*** Opening INFORMATION GIVEN ***
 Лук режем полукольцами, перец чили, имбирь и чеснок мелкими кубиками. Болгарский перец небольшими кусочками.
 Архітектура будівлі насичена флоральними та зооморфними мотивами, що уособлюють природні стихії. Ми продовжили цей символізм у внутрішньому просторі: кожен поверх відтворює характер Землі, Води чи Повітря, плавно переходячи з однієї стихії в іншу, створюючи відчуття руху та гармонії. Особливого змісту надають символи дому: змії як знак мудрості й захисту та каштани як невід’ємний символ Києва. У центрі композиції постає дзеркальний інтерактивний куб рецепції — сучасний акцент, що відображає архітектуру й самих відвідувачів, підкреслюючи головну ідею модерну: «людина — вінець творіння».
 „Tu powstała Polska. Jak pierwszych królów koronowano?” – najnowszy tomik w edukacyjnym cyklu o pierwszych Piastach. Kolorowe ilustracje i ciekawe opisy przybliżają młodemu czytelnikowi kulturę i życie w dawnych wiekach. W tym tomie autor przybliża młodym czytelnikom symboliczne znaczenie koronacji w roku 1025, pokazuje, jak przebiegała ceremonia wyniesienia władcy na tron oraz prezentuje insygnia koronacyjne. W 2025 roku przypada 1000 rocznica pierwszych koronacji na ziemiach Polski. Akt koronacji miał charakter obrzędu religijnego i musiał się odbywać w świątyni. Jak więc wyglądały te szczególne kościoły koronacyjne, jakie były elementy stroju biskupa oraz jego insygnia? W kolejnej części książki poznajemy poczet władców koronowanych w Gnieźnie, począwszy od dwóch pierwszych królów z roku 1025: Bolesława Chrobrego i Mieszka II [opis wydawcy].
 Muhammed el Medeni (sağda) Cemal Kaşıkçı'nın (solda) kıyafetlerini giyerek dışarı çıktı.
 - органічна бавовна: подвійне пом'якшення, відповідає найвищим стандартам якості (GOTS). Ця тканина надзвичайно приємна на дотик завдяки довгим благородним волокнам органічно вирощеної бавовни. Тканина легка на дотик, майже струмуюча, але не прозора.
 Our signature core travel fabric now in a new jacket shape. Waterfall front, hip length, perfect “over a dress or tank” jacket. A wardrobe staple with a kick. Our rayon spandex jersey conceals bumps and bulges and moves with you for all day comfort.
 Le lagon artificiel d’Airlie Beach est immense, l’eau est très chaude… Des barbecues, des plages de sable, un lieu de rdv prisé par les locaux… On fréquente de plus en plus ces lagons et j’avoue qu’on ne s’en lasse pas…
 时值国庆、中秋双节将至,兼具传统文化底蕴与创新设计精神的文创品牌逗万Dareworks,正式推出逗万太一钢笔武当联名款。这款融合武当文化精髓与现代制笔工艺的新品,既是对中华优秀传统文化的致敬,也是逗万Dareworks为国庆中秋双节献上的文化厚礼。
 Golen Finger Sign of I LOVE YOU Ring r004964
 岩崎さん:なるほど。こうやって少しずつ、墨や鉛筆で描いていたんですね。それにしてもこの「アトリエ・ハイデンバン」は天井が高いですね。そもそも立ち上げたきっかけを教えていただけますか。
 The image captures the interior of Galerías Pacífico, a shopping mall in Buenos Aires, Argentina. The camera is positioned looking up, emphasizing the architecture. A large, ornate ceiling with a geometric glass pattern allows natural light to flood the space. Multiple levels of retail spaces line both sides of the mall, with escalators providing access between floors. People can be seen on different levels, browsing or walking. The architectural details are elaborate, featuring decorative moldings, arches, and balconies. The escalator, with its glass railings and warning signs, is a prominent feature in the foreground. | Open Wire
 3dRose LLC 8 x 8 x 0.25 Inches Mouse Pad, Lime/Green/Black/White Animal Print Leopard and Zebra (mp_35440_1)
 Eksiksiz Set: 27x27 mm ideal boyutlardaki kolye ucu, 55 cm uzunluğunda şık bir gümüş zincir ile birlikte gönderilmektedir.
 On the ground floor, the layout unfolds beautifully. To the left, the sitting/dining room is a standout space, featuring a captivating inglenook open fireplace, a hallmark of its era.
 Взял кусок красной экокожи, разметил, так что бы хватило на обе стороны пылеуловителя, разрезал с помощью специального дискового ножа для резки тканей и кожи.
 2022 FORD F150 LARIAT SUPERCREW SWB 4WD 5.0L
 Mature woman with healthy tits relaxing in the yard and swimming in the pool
*** Closing INFORMATION GIVEN ***
#### AIM OF THE TASK:
Only the lines from the beginning of the entries through the line bearing "Архітектура будівлі насичена" should be returned, each exactly as written.

#### SOLUTION TO THE EXERCISE:
 Лук режем полукольцами, перец чили, имбирь и чеснок мелкими кубиками. Болгарский перец небольшими кусочками.
 Архітектура будівлі насичена флоральними та зооморфними мотивами, що уособлюють природні стихії. Ми продовжили цей символізм у внутрішньому просторі: кожен поверх відтворює характер Землі, Води чи Повітря, плавно переходячи з однієї стихії в іншу, створюючи відчуття руху та гармонії. Особливого змісту надають символи дому: змії як знак мудрості й захисту та каштани як невід’ємний символ Києва. У центрі композиції постає дзеркальний інтерактивний куб рецепції — сучасний акцент, що відображає архітектуру й самих відвідувачів, підкреслюючи головну ідею модерну: «людина — вінець творіння».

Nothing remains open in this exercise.